# Wellenform aus jpg als Vektoren nachzeichnen, brauche dringend Hilfe!



## julchen (24. Januar 2006)

Hallo,

ich möchte das Bild (siehe Anhang) in Vektoren nachzeichnen über Corel oder einem anderen Programm.

Wer kann mir sagen wie ich das erstellen kann, super wäre vielleicht aufgrund der dringlichkeit wenn mir das jemand direkt erstellen kann und zur Verfügung stellt (ausnahmsweise).

Gruss
Julchen


----------



## cyberium (25. Januar 2006)

Also komm das is ja echt ma billig!


----------



## schurre (25. Januar 2006)

Corel Draw:
- Datei - Datei Importieren (das Orginalbild reinholen)
- Hilfsmittel Freihandkurve
- auf alle Ecken klicken (das müßten vier im grünen und 3 im blauen sein). Wenn du es richtig machst, hast ein geschlossenes Viereck und ein geschlossenes Dreieck.
- Hilfsmittel Kurve bearbeiten
- eine Kurve auswählen, alle Knoten markieren, Linientyp auf "Kurve"
- danach mit den Hilfspunkten die Kurven so verbiegen, bis sie auf das Orginal passen.

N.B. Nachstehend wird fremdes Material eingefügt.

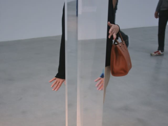 At Pace’s skinny-yet-deep 510 West 25th Street garage, Robert Irwin is showing a trio of transparent columns that don’t stretch all the way to the ceiling but still extend far out of human reach. The columns are created from intersecting prisms arranged like the intersection of two triangles. It’s easier to see the effects of the composition rather than pin the structure down exactly: as other viewers pass behind the columns, they suddenly disappear into blank blocks of light. Seen through the column, gallery-goers are cast in rainbow haloes as they ripple and distort along the acrylic’s glossy surface.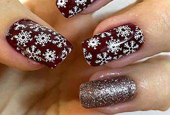 Para realizarla usé la base antiescamación de Masglo, dos capas de un rojo precioso de Yves Rocher y el brillo lo proporciona este precioso esmalte de Ego que según como le da la luz parece dorado o plateado. Los copos de nieve de la placa de BeautyBigBang06 los estampé con un esmalte blanco de Konad y finalmente protegí toda la manicura con el top coat efecto gel de Kiko.

Wenn das nicht geht, dann kannst du dazwischen noch zusätzliche Knotenpunkte anlegen (einfach an der entsprechenden Stelle Doppelklicken). Diese Knoten sollten auf "glatt" stehen, die anderen auf "spitz". Je weniger Knoten du hast, desto besser sieht im Normalfall die Kurve aus.
- Orginalbild löschen, fertig.


----------



## LOonIE (26. Januar 2006)

Illustrator / Freehand:

Bild platzieren und Ebene sperren.
Neue Ebene erstellen und das Bild ( jeden Swoosh für sich ) mit dem Pfadwerkzeug nachzeichnen.
Fertig....

Bei diesem Bild könntest du sogar die "Autovektorfunktion" benutzen.


----------